Em se tratando de balanceamento de sais, um dos aspectos importantes a ser considerado, é a temperatura ambiente. Uma das características da Região Semi-árida nordestina é a de ser quente, com a média da temperatura anual atingindo a casa dos 26° C. Isto significa dizer que a população rural transpira em demasia nas atividades normais de campo. Ao transpirar, ela perde sais. A reposição desses sais no organismo das pessoas normalmente é feita através da alimentação do dia-a-dia (sabe-se que a região apresenta índices elevados de desnutrição) e da ingestão de líquidos (ressalte-se que a população do Semi-árido é acostumada a ingerir águas com teores salinos muito acima dos recomendados pela Organização Mundial de Saúde). Ao passar, de uma hora para outra, a ingerir água com baixos teores de sais, essa população começará a entrar em um processo de desmineralização, tendo em vista as fontes de reposição desse elemento não apresentarem mais os teores que vinham suprindo a população anteriormente. O resultado é que um programa de fornecimento de 'água de primeiro mundo' à população, com o uso de dessalinizadores (slogan amplamente divulgado pelos governos), poderá vir a ser acusado, futuramente, como um vetor de desmineralização da população. Para corrigir esse problema é preciso que se pense numa forma de fazer um tratamento de águas misturando aquelas isentas de sais, oriundas dos dessalinizadores, com uma pequena parte, mineralizada, oriunda da fonte que está sendo tratada, garantindo, assim, uma água com teores salinos adequados ao perfeito funcionamento do organismo das pessoas. Sobre esse aspecto, informações obtidas de pesquisadores da ORSTOM (entidade de pesquisa do governo francês), participantes de missão científica no Chade - país de clima desértico do norte da África - demonstraram a preocupação dos técnicos franceses em balancear os teores de sais das águas consumidas no local e oriundas de dessalinizadores, através da dissolução, nessas águas, de comprimidos de sais trazidos da França.

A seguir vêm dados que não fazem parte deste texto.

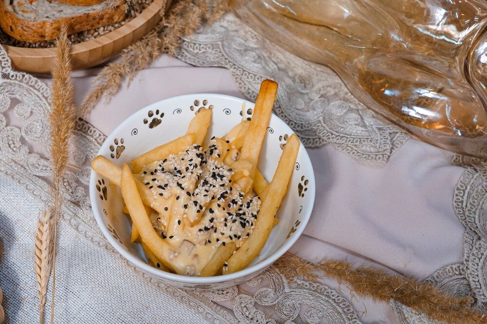Картофель фри с беконом и сырным соусом
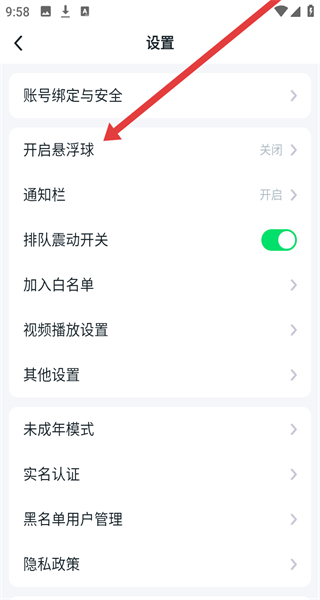 3、設(shè)置頁面點(diǎn)擊“開啟懸浮球”,進(jìn)入顯示在其他應(yīng)用上層設(shè)置頁面。
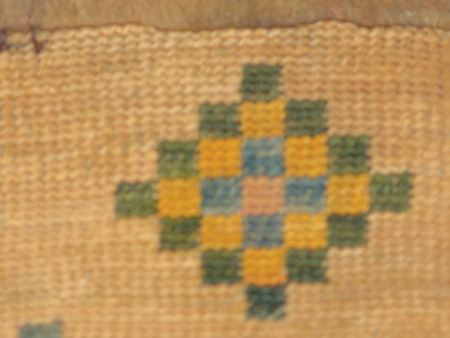 Ca. 1940s, A wonderful fine weave vintage two-sided bag with diamonds on one side, feathers and arrows on the other side, and with leather trim and handle. Good condition, some fading, shows a lot of use. Design made with husk. 7" x 6"
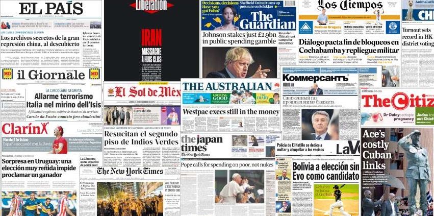 Quelques unes de la presse internationale du 25-11-2019 1) La politique de la Chine menée au Xinjiang est une nouvelle fois dénoncée avec des révélations sur le fonctionnement des camps d’internement des Ouïgours. Baptisées China Cables ces révélations basées sur l'exploitation de fuites de directives internes à l’Etat-Parti chinois, sont le fruit du travail d'investigation de l'ICIJ, un consortium de médias internationaux. L'enquête met en lumière la politique de repression et de détention de masse au Xinjang. 2) Lors des élections locales à Hong Kong ont connu une participation record et un raz-de-marée du camp prodémocratie. L'opposition a rafflé la majorité dans 17 des 18 conseils de district du territoire autonome totalisant 86% des sièges. Cette victoire lui permet aussi d'empocher 117 voix de plus au comité qui élit le chef de l'éxécutif. Il s'agit d'un vote de défiance et de désapprobation au gouvernement dirigé par Carrie Lam et un sérieux revers pour Pékin. 3) En Roumanie, la gauche de Viorica Dancila a enregistré une défaite historique lors de la présidentielle en obtenant que 37% des voix. C'est le président de centre-droit sortant Klaus Iohannis qui l’emporte avec 63% des suffrages. Ce lourd désaveu marque l'échec de la stratégie du Parti social-démocrate à séduire l’électorat rural avec des hausses des aides sociales et un discours à la tonalité souverainiste tournant le dos à l'orientation européenne du pays. 4) Malgré la crise économique qui sévit en Namibie, les élections générales semblent promises au président sortant. Hage Geingob de la Swapo qui dirige le pays depuis son indépendance en 1990 devrait être réélu facilement malgré son piètre bilan économique. Face à sa machine électorale bien huilée, l'opposition fait pâle figure. Le PDM de son rival McHenry Venaani reste marqué au fer rouge par sa proximité avec l'Afrique du sud et rebute l'électorat.
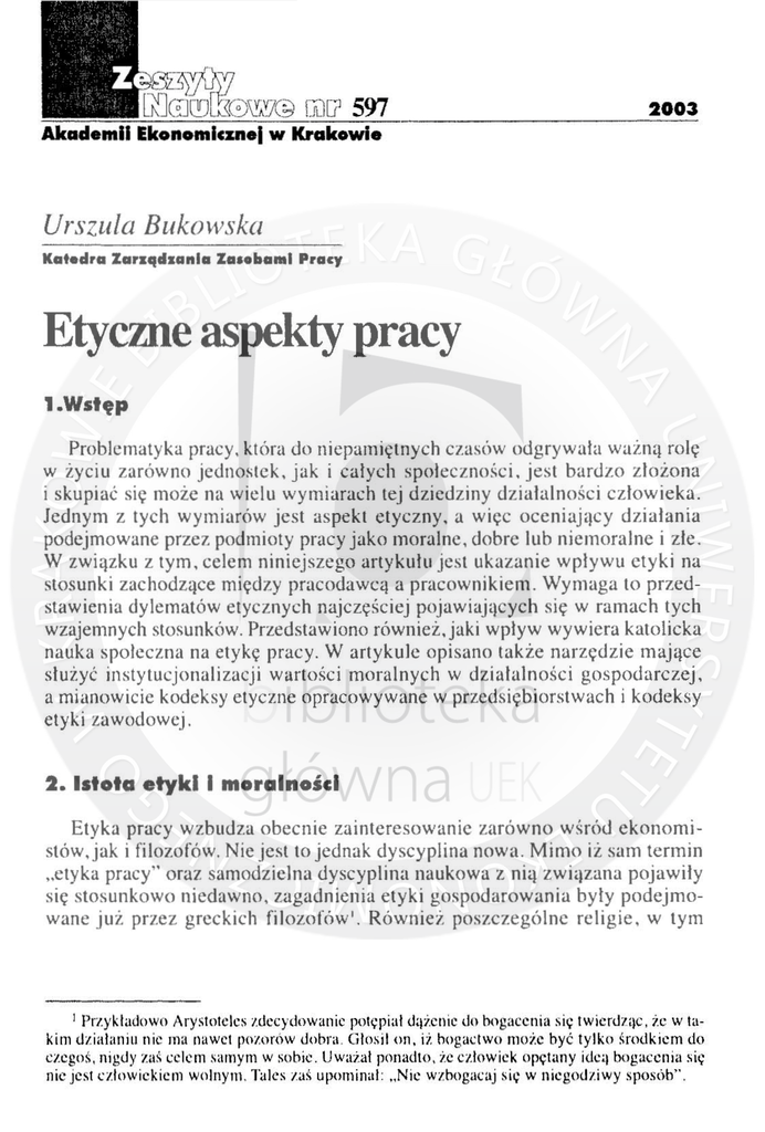 Etyka pracy wzbudza obecnie zainteresowanie zarówno wśród ekonomistów,jak i filozofów . Nic jest to jednak dyscyplina nowa . Mimo iż sam termin
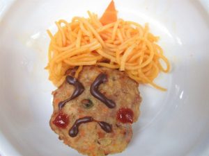 鬼さんハンバーグは、ハンバーグで顔を作り、
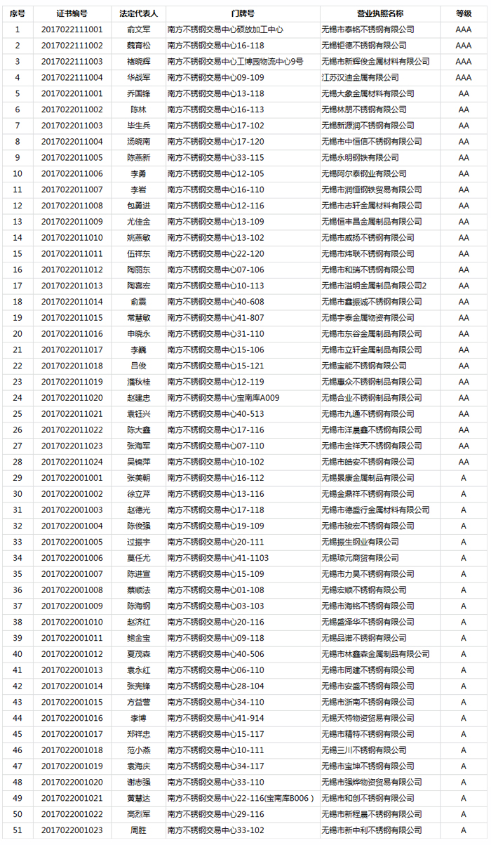 2017年南方不銹鋼市場商務(wù)誠信評(píng)級(jí)試點(diǎn)結(jié)果名單

Ainda com relação à questão dos dessalinizadores, outro aspecto importante a ser mencionado é o destino que deverá ser dado ao rejeito do material resultante do processo de dessalinização das águas. Este material, extremamente rico em sais, atualmente é depositado em lagoas de decantação ou mesmo colocado ao ar livre sem maiores preocupações, constituindo-se em um grave problema ambiental para ser solucionado pelos pesquisadores. É provável que os caminhos a serem seguidos pela pesquisa, digam respeito ao aproveitamento desses sais para fins pecuários, visto ser a região semi-árida muito carente no aspecto de mineralização dos animais, de piscicultura, principalmente com Tilápias, que são espécies extremamente resistentes a ambientes salinos e de cultivo irrigado com plantas halófilas, a exemplo da Atriplex, que necessitam de águas com teores salinos elevados para se desenvolverem.